Flux comes in three variations: Flux Dev, which is open source with a non-commercial license for community development; Flux Schnell, which is a faster, distilled version operating up to ten times quicker, available under an Apache 2 license and the top-of-the-line model; and Flux Pro. which is a closed-source version available via an API.
Flux Dev and Flux Schnell are available for download on Hugging Face. ComfyUI has also been updated to support the new models in local workflows.
Black Forest Labs made the announcement Thursday, emphasizing the team’s proven track record of advancing generative AI for media.

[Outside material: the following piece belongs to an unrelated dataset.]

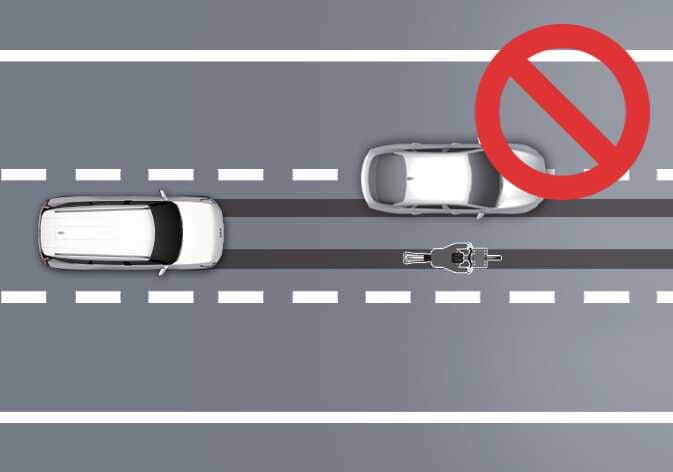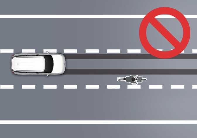 Das vorausfahrende Fahrzeug fährt mit einer Seite auf der Fahrbahnmarkierung.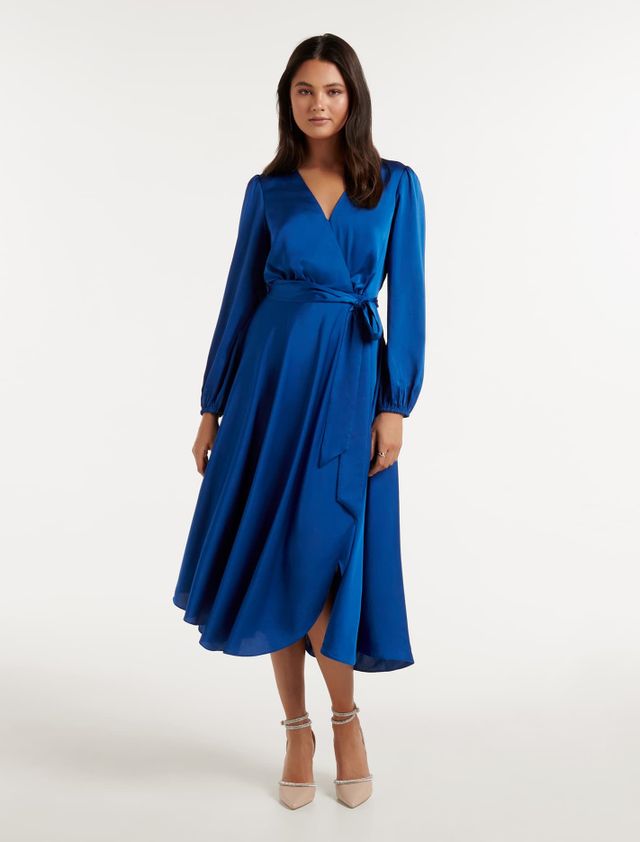 Marilyn Satin Wrap Midi Dress

“Our innovations include creating VQGAN and Latent Diffusion, Stability AI’s Stable Diffusion models for image and video generation (Stable Diffusion XL, Stable Video Diffusion, Rectified Flow Transformers), and Adversarial Diffusion Distillation for ultra-fast, real-time image synthesis,” the team said.
The launch follows a successful seed funding round of $31 million, led by Andreessen Horowitz and supported by notable investors including Brendan Iribe, Michael Ovitz, and Garry Tan.
In benchmarking tests, Flux says its models have set new standards in image synthesis, surpassing models like Midjourney v6.0, Dall-E 3 (HD), and SD3 Ultra in visual quality, prompt following, size/aspect variability, typography, and output diversity. Black Forest’s charts claim that its Pro and Dev models are the best image generators to date, and its less powerful Schnell ranks between Midjourney v5 and Ideogram.
Users with smaller GPUs may be out of luck, however. The open-source models weigh around 23GB, which means it would probably require nearly 24GB of VRAM to run until a quantized version is released—if ever. But even so, it seems like users with GPUS with 6 and 8 GB of VRAM will soon have to say goodbye to the thrill of testing new AI models.
However, Black Forest has partnered with Fal AI—developers of fellow open-source model Auraflow—to support cloud generations. The models are also available for testing free on Replicate.com. Once users meet their daily quota, it costs $1 to generate 33 images with Flux Pro or 333 with Flux Schell.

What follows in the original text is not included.